Musicophilia
Page 28
Finally, Levitin, Bellugi, and others turned to investigating the functional correlates of musicality in Williams syndrome. Were the musicality and the emotional response to music in those with Williams syndrome, they wondered, subserved by the same sort of neurofunctional architecture as that in normal subjects or in professional musicians? They played a variety of music, from Bach cantatas to Strauss waltzes, to all three groups, and it was evident from brain imaging that people with Williams syndrome processed the music very differently from the others. They employed a much wider set of neural structures to perceive and respond to music, including regions of the cerebellum, brain stem, and amygdala which are scarcely activated at all in normal subjects. This very extensive brain activation, particularly of the amygdala, seemed to go with their almost helpless attraction to music and their sometimes overwhelming emotional reactions to it.

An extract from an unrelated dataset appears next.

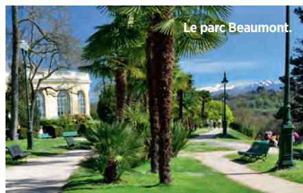
Le parc Beaumont.

Pour les amateurs, il y a de nombreuses randonnées à faire dans la région, notamment le chemin Henri IV, le GR782, qui relie Pau à Lourdes en empruntant une ancienne voie romaine. Il part d'Artiguelouve, passe par les châteaux de Pau et de Bizanos et rejoint le lac de Lourdes. On peut le faire à pied et à VTT. Côté gastronomie, nous avons la chance de vivre dans une région très riche en bons produits comme les fromages de brebis des Pyrénées, le foie gras, les confits et magrets de canard. Parmi les plats typiquement palois, la poule au pot, évidemment, mise à l'honneur par Henri IV, et la très roborative garbure, une soupe de légumes avec talon de jambon de pays, confit de canard et couenne de porc. Parfait après une randonnée !

All of these studies, Bellugi feels, suggest that “the brains of Williams syndrome individuals are organized differently from normals, at both a macro and a micro level.” The very distinctive mental and emotional characteristics of people with Williams syndrome are reflected, very precisely and beautifully, in the peculiarities of their brains. Though this study of the neural basis of Williams syndrome is far from complete, it has nonetheless already made possible the most extensive correlation ever made between a multitude of mental and behavioral characteristics and their cerebral basis.
In people with Williams syndrome, it is now known, there is a “microdeletion” of fifteen to twenty-five genes on one chromosome. The deletion of this tiny gene cluster (less than a thousandth part of the twenty-five thousand or so genes in the human genome) is responsible for all of the features of Williams syndrome: the abnormalities of the heart and blood vessels (which have insufficient elastin); the unusual facial and bony features; and, not least, the unusual development of the brain— so well developed in some ways, so underdeveloped in others— which underlies the unique cognitive and personality profile of those with Williams.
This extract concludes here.